Words cannot describe the trauma this family went through and has continued to go through. As to be expected, exposure to cardiac patients in any fashion, particularly those who are extremely sick, is a very hard reality for Missy. However, as one of our most experienced nurses and a charge nurse, she is often exposed to these patients and these situations. Missy takes remarkable care of these patients but often walks away in tears, internalizing the patient's circumstance as well as the circumstance of her own daughter. THIS is why she initially turned down the request to be this patient's nurse who was extremely sick in the CICU. She couldn't fathom the idea of watching a young woman with a condition similar to her own daughter's, die. However, in Missy's heart, she felt she was being called to take care of this patient. So she did.

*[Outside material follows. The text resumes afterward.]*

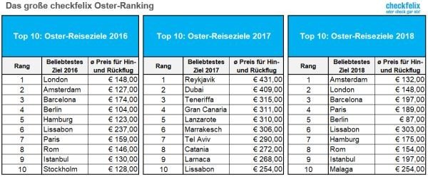Die Daten der Analyse zeigen: Über das verlängerte Wochenende setzen Österreichs Reisende heuer vor allem auf Städtetrips innerhalb Europas. Erfreuten sich im Jahr 2017 noch weiter entfernte Ziele, wie Reykjavik, Dubai oder die Kanareninseln Teneriffa, Lanzarote und Gran Canaria großer Beliebtheit, belegen aktuell die Metropolen Amsterdam, London und Barcelona – wie auch 2016 – wieder die ersten drei Plätze der beliebtesten Osterreiseziele der Österreicher. Wer die freien Tage in diesem Jahr in Amsterdam verbringt, zahlt im Vergleich zum Vorjahr durchschnittlich 11 Prozent weniger für ein Flugticket.

The morning proved to be difficult for many reasons. The members of this woman's health care team, in light of new information about her deteriorating condition, could not agree upon a plan of care. Do we transfer her to a different hospital? Do we deliver her here? What is the right decision for this patient and her baby? Emotions were high because a woman and her unborn baby's lives were in our hands. Her OB and Cardiac teams went back and forth many times about her plan of care. People were passionate and frustrated. Ultimately, everyone wanted what was best for this patient. After hours of discussion after discussion, the conversation cumulated to a private area outside of the patient's room. All of the care providers were there, with some on a conference call. After the conversation, I walked back towards the patient's room and saw something I will never forget as long as I live. I saw Missy knelt beside the patient's bed with their hands joined. I don't know what was being said or if anything was being said at all, but it brought tears to my eyes.
Sure, all those people conversing about this patient so passionately were also trying to take care of her, but it was Missy who REALLY gave this patient what she needed. This isn't a story about Missy or L. This is a story about how Missy treated this woman just as she treats her own daughter. She wasn't the patient in CICU who could die today. She was a woman with a family and an unborn baby to protect, who desperately needed to be treated with kindness and compassion. This is a story about how Missy worked beyond her own personal challenges, to be exactly what this woman needed at exactly the right moment.
Missy is my friend and my mentor. I think we should all aspire to take these moments with each and every one of our patients, no matter our anxieties, our biases, our realities. I'm writing this letter because I believe Missy's compassion and kindness should be shared with all. It should be celebrated.